In dem ökumenischen Papier heißt es u.a.: „Um mehr demokratische Partizipation in Europa zu gewährleisten, bräuchte es aber auch mehr Aufmerksamkeit der europäischen Öffentlichkeit für die Vorgänge auf der Ebene der Europäischen Union.“
Angesichts der Erosion in der Parteienlandschaft, der abnehmenden Parteienbindung, der schwindenden Wahlbeteiligung auf allen Ebenen und dem zunehmenden Misstrauen gegenüber den „Eliten“ sind Dialogforen wie etwa die „grand débat“ in Frankreich oder die „Citizens‘ Assemblies“ in Irland zukunftsweisend, um die Demokratie in den Mitgliedstaaten der EU aus der Krise zu führen.

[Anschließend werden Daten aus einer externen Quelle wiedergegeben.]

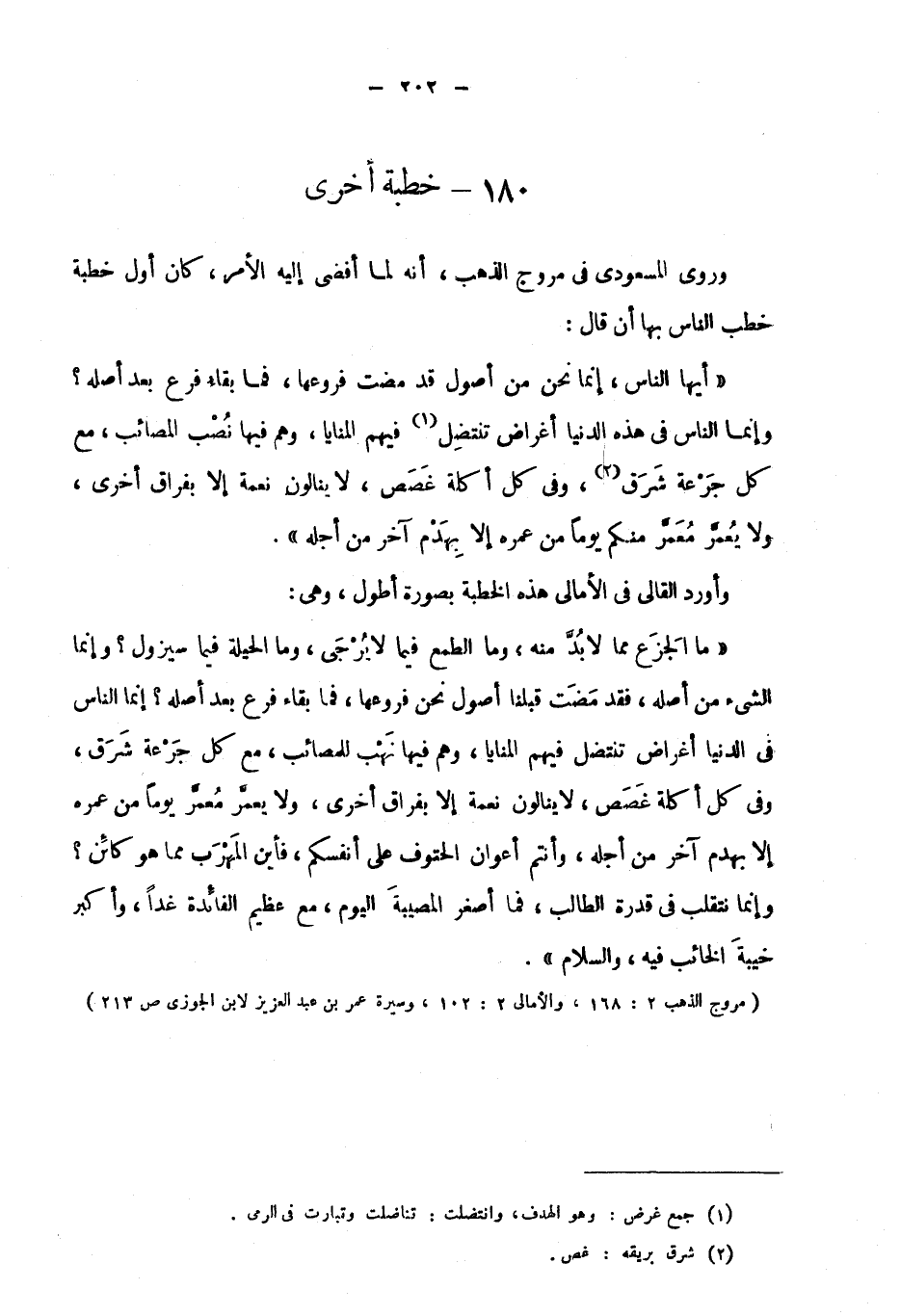 "مروج الذهب 2: 168، والأمالي 2: 102، وسيرة عمر بن عبد العزيز لابن الجوزي ص213".

Die von der Bürgerbewegung „Pulse for Europe“ angeregten europäischen Hausparlamente sind eine niedrigschwellige und gerade deshalb reizvolle Idee, im privaten Rahmen eine europäische Öffentlichkeit herzustellen, ohne Vorgaben EU-Themen zu diskutieren, die Ergebnisse an die EU-Politik zurückzuspielen und so die Kluft zwischen der EU-Politik und den Bürgerinnen und Bürgern zu überwinden.
Im Hinblick auf die Zukunft der Demokratie könnten Formate wie die „Citizens‘ Assemblies“ oder die „grand débat“ oder auch die europäischen Hausparlamente durchaus Vorbildcharakter haben und sollten weiterentwickelt werden. Nicht als Konkurrenz oder Ersatz zum bestehenden und bewährten System der repräsentativen Demokratie, sondern als wichtige Ergänzung, als Chance zur Rückbindung und um Vertrauen zurückzugewinnen. Wichtig ist, auch im Vorfeld die Erwartungen hinsichtlich der konkreten Einflussmöglichkeiten nicht zu hoch zu schrauben und ein ehrliches Interesse an dem Austausch abzubilden.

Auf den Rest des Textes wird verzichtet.